• WORK TO BE COMPLETED: Among the entries below, one stretch runs from the line that contains "工笔风插画,拟人化呈现中医针" through the line that contains "MSF exam 5 practice questions and". Repeat that stretch exactly, ends included, and only that.

• MATERIAL FOR THIS EXERCISE:

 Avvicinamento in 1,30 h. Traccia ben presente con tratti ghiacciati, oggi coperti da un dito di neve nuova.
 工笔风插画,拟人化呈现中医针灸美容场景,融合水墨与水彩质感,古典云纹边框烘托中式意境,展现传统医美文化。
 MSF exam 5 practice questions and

---

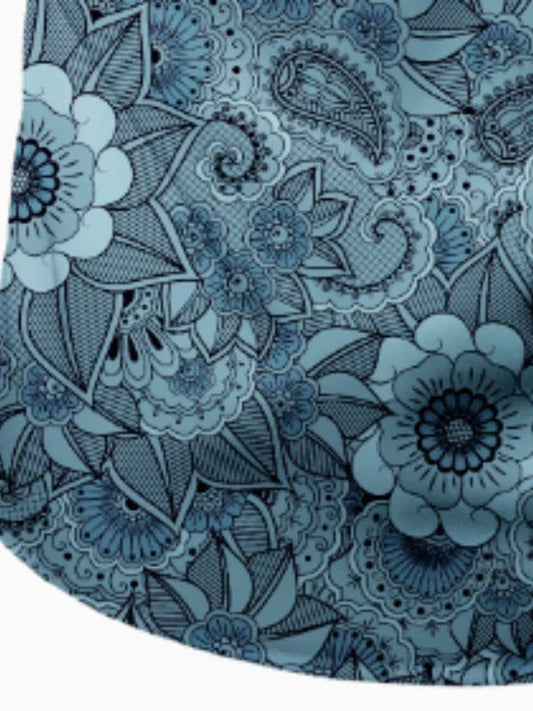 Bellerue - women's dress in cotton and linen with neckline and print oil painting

==

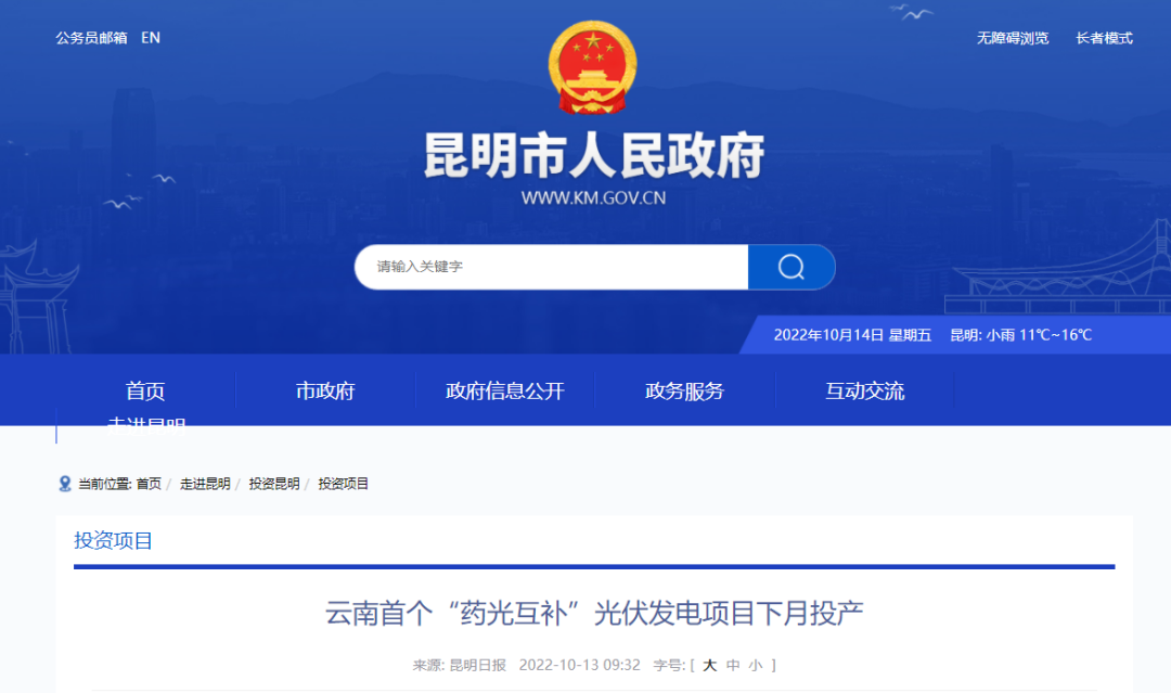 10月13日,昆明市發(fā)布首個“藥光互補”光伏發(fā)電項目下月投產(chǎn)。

• YOUR RESPONSE:
 工笔风插画,拟人化呈现中医针灸美容场景,融合水墨与水彩质感,古典云纹边框烘托中式意境,展现传统医美文化。
 MSF exam 5 practice questions and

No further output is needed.